## EXERCISE GOAL:
The required answer is the run of lines from the one holding "Tasse Einhorn Gärtner" to the end of the data below, copied exactly and free of pictures.

---------- EXERCISE MATERIAL ----------

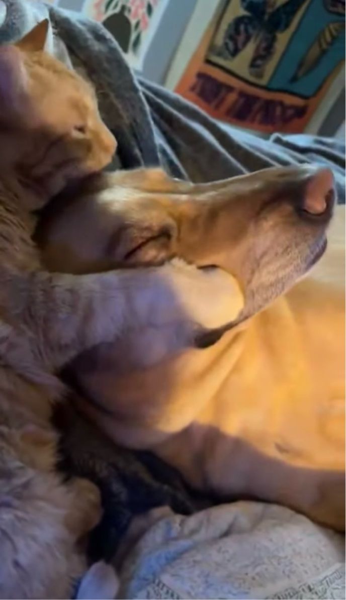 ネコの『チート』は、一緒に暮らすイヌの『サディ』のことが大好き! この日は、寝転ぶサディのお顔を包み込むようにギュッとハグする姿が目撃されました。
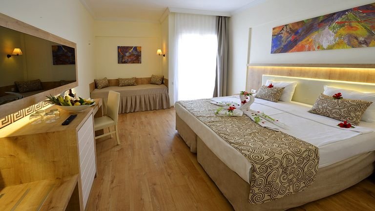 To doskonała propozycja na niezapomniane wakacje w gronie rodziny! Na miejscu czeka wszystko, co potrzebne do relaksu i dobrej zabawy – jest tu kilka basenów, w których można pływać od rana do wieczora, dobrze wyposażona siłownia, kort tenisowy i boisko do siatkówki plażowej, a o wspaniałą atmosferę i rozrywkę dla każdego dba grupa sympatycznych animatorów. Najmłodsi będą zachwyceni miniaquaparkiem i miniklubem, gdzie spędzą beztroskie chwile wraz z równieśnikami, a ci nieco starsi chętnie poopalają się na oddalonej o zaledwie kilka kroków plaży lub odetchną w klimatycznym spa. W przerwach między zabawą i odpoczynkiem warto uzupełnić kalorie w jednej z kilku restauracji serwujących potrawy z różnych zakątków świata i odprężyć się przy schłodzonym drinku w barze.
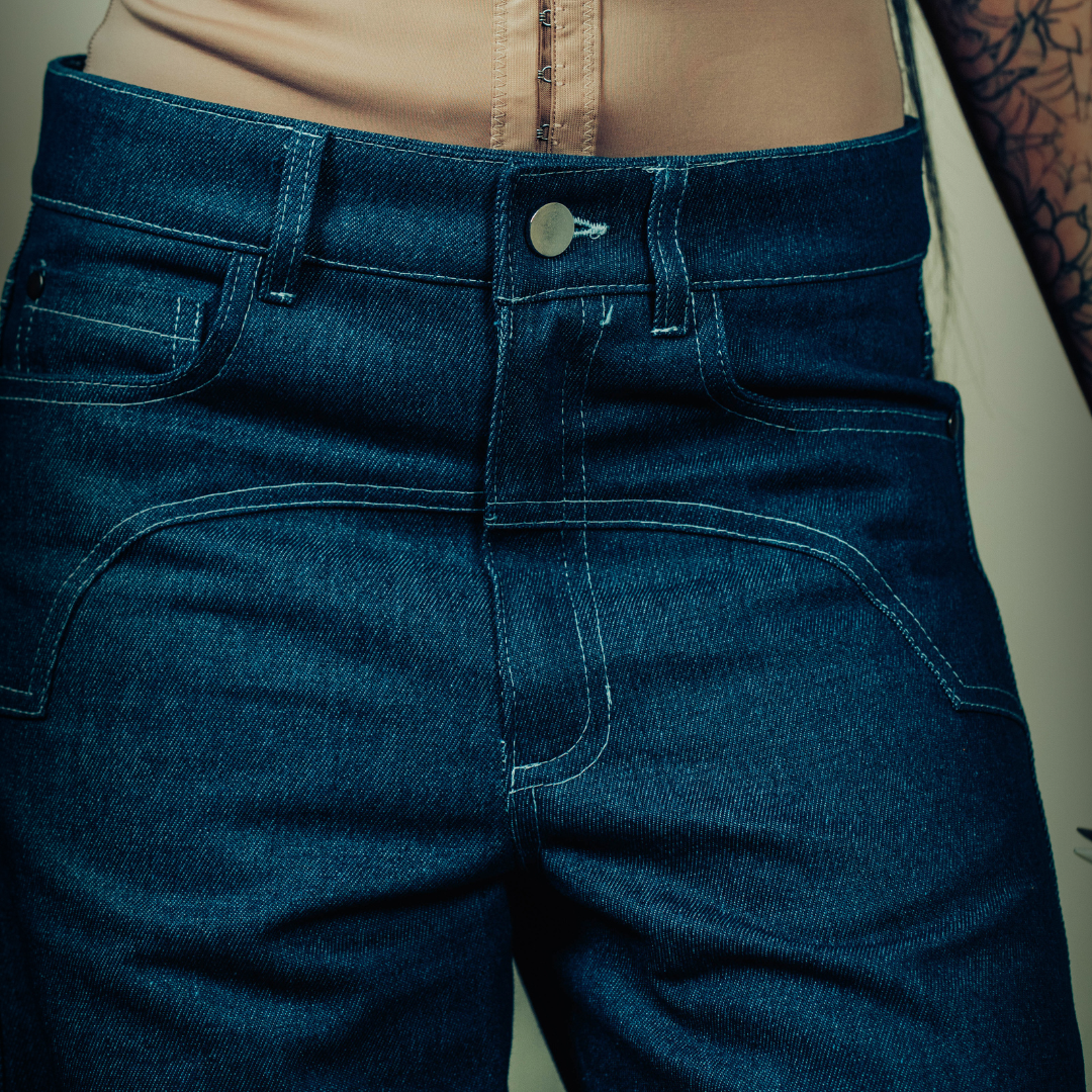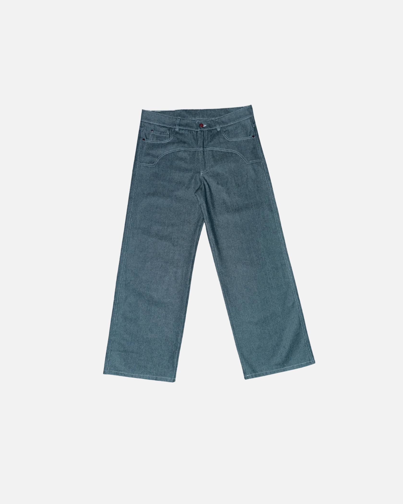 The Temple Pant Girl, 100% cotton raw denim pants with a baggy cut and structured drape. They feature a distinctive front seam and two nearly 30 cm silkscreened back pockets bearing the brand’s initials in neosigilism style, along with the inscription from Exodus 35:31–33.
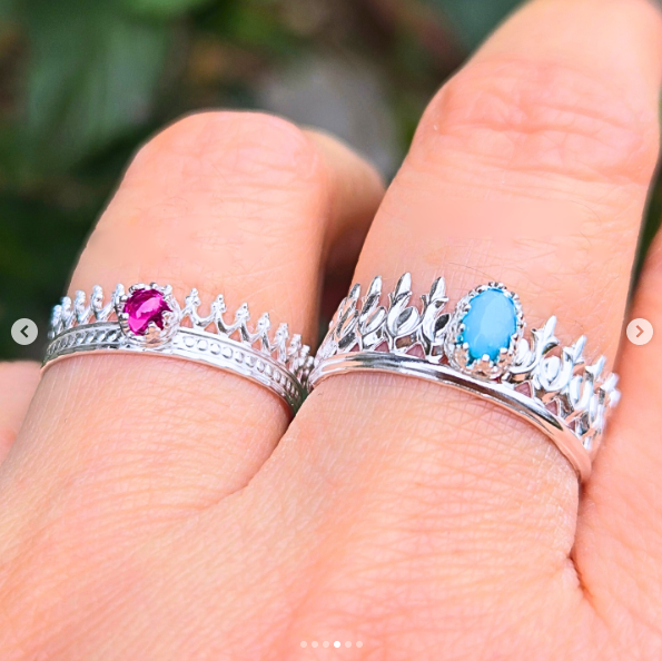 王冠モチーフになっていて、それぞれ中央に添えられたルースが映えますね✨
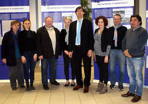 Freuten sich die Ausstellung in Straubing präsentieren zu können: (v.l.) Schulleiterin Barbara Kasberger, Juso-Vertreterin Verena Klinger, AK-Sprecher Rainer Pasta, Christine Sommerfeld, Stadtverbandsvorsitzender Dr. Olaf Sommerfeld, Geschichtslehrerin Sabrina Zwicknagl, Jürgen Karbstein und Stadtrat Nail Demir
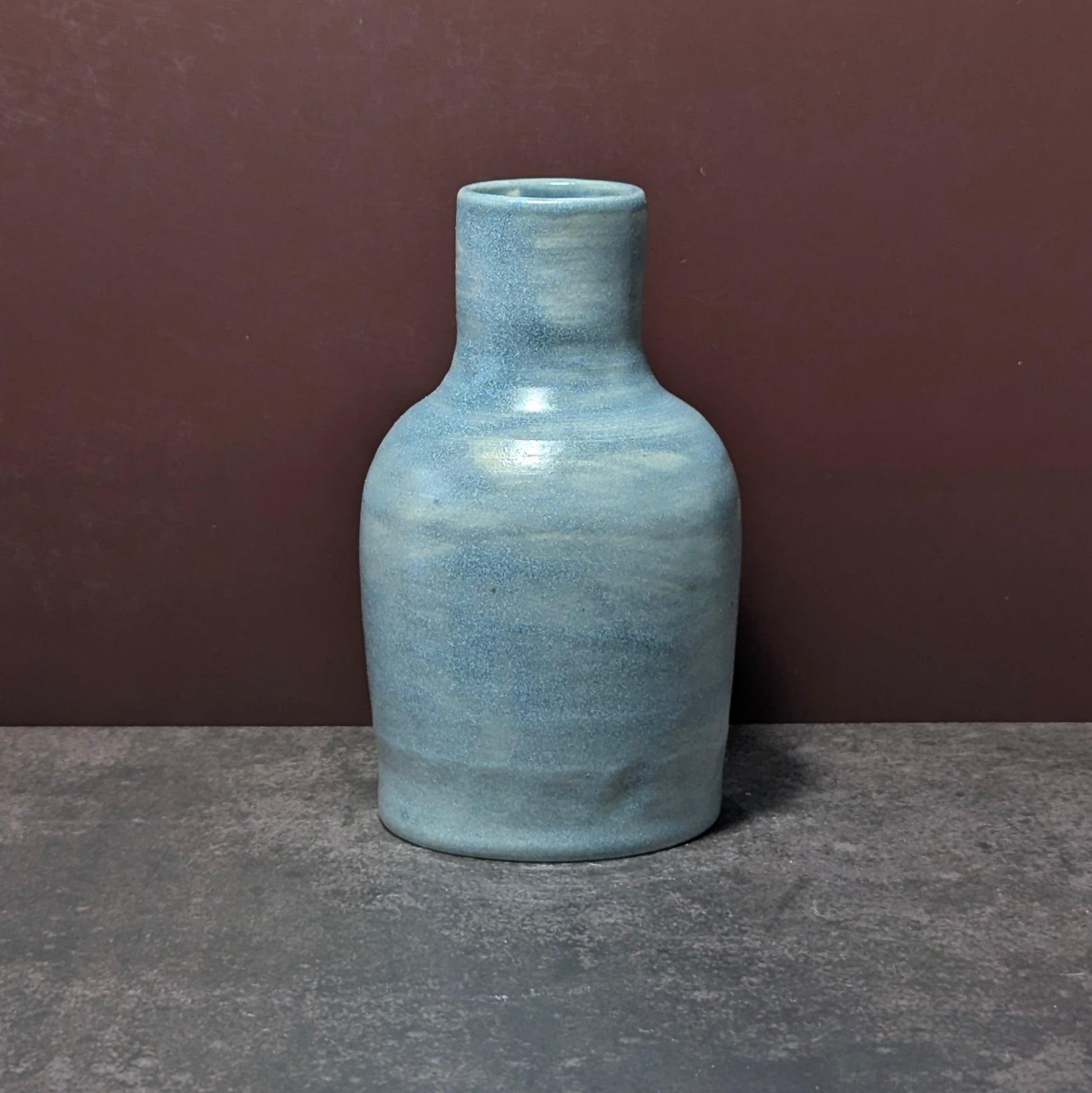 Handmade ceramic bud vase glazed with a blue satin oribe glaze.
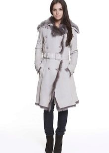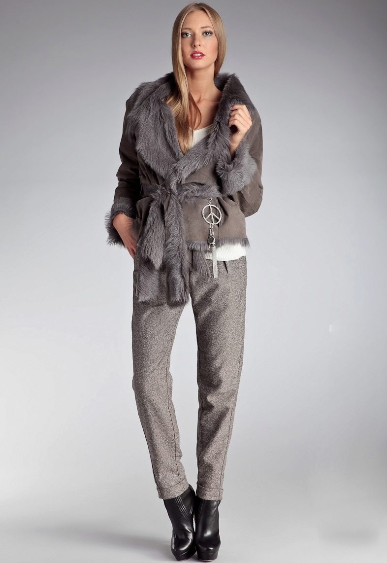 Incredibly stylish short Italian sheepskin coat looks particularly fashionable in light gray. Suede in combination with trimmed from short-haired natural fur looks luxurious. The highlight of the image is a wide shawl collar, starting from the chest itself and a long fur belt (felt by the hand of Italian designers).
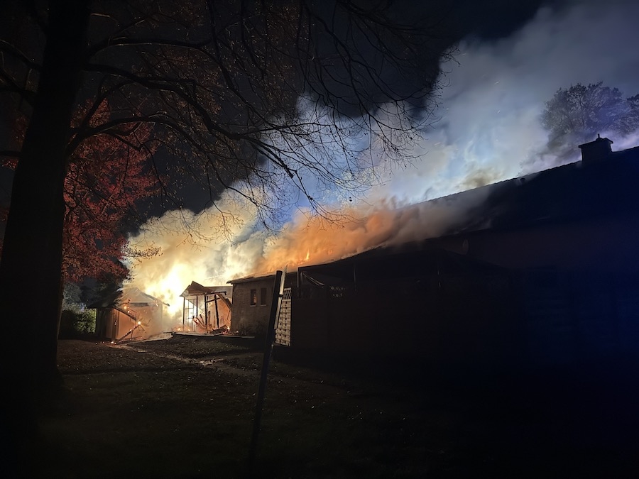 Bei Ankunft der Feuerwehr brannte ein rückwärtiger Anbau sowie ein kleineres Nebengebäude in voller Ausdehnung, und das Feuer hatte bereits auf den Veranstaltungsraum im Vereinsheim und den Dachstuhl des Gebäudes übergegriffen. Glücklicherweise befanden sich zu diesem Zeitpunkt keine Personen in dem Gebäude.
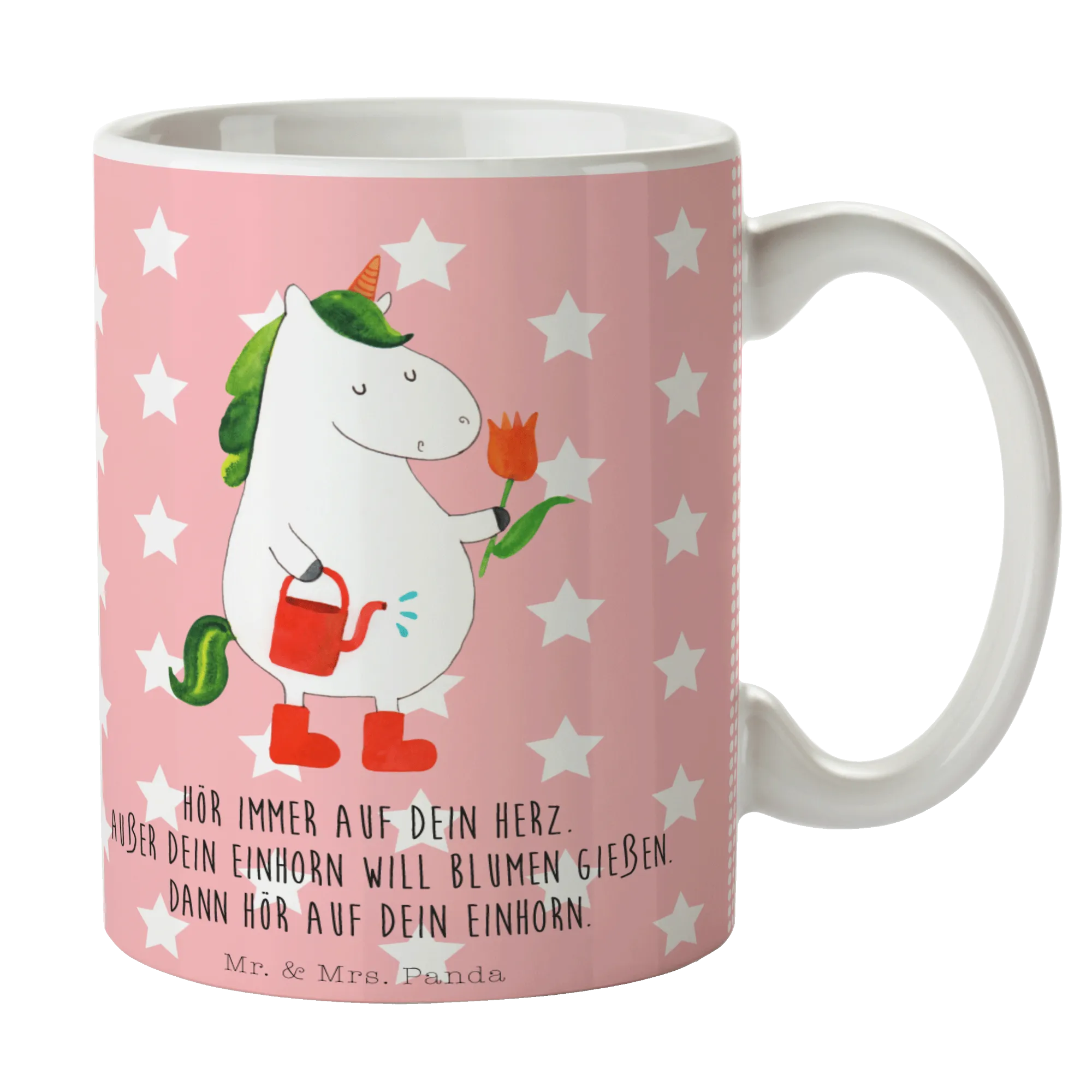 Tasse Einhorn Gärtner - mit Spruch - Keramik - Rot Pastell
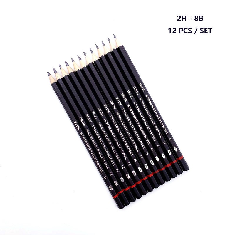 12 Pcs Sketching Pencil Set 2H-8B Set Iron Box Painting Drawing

----------

## ANSWER TO THIS EXERCISE:
 Tasse Einhorn Gärtner - mit Spruch - Keramik - Rot Pastell
 12 Pcs Sketching Pencil Set 2H-8B Set Iron Box Painting Drawing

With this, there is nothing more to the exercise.